PODERICO, Giovanni Maria
PODERICO, Giovanni Maria. – Non è possibile specificare la data di nascita di Poderico, napoletano nato probabilmente nella seconda metà del XV secolo, arcivescovo di Nazareth e poi di Taranto, e cappellano maggiore del Regno.

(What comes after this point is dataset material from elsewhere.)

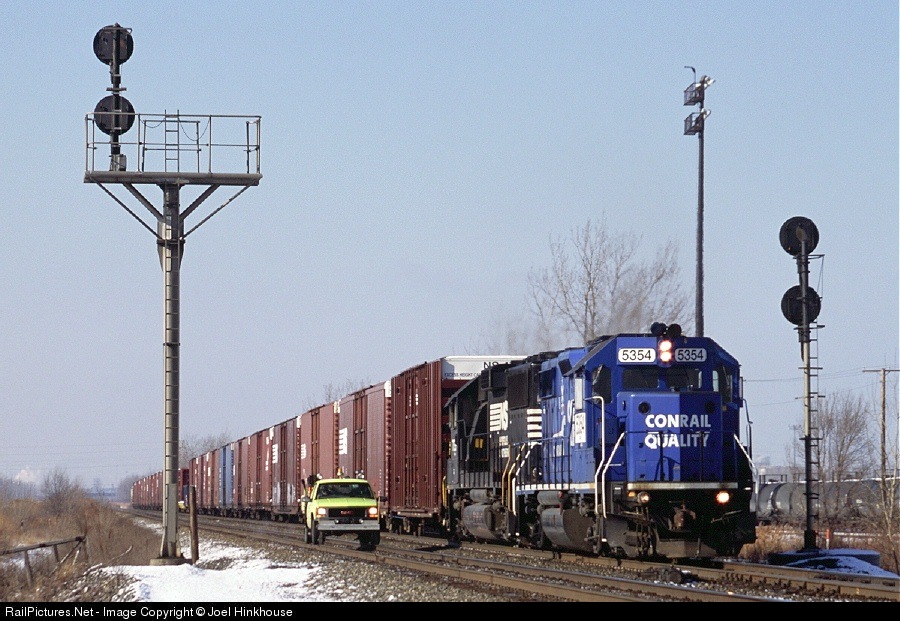 Still in Conrail (Operation Lifesaver) paint, but with the "PRR" patch identifying this as a NS locomotive, 5354 rolls past a hi-railer in Gary, IN.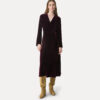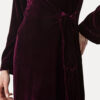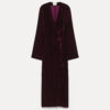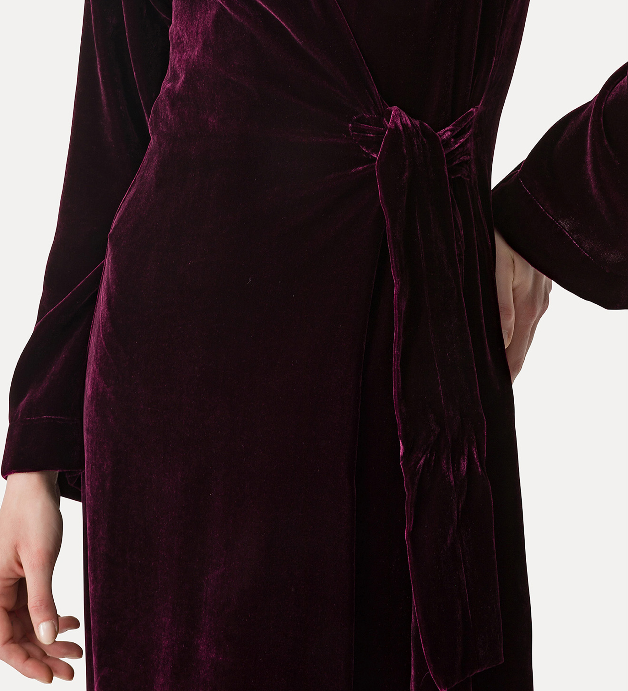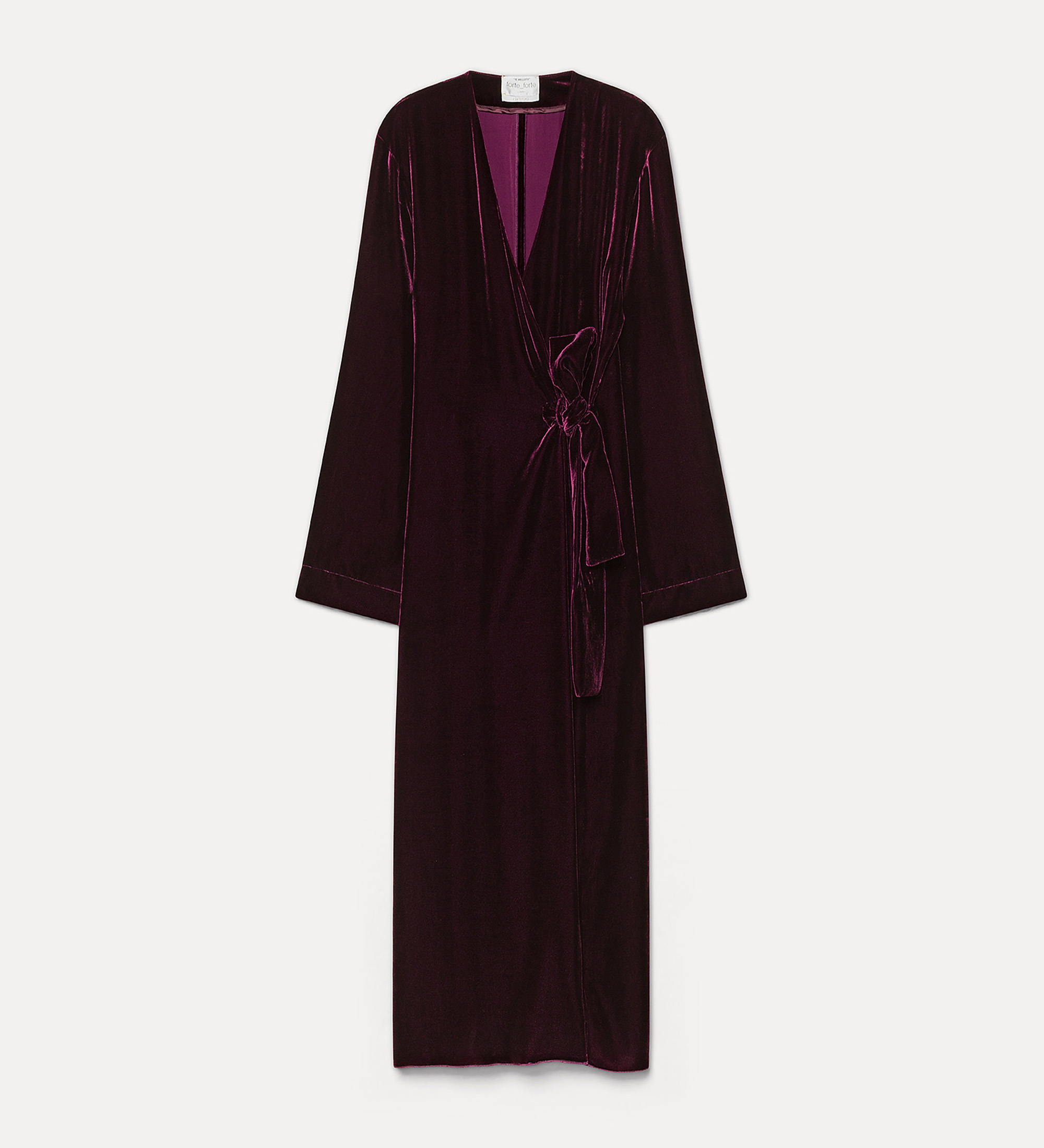 sofisticato e ricco nelle finiture, l’abito midi incrociato in velluto liscio carezza la pelle e la illumina con la sua delicata finitura cangiante. fissato da fusciacca in vita, disegna elegantemente la silhouette e avvolge il corpo. si può indossare anche aperto, come spolverino, in un sofisticato gioco di sovrapposizioni

I Poderico erano una famiglia di antico patriziato napoletano, aggregata al seggio di Montagna. Attraverso le intestazioni feudali a seguito delle capitolazioni di Blois e del diploma del 30 maggio 1507 di Ferdinando il Cattolico, è possibile desumere che Giovanni Maria fu figlio di Giovanni Antonio e fratello di Paolo Antonio, nonché nipote ex-fratre di Berardino Poderico. Lo zio e il fratello furono signori feudali della baronia e dei casali di Salza e Manicalzati, della terra di Serra e del feudo di Stornara, ottenuti come compensazione per la perdita di Colobrano, San Mauro e Garaguso in Basilicata e di Camella nel Cilento, da restituire ai Sanseverino di Salerno. Ferdinando dispose, inoltre, che Giovanni Maria e suo fratello Paolo Antonio subentrassero come eredi nei domini di Berardino, privo di figli (Ricca, 1869, pp. 81 s.). Il fratello Paolo Antonio sposò Eleonora Piccolomini d’Aragona. I legami familiari, nonché le cariche ricoperte da Poderico, rimandano, quindi, a un contesto di sicura lealtà prima agli aragonesi napoletani e successivamente a Ferdinando il Cattolico.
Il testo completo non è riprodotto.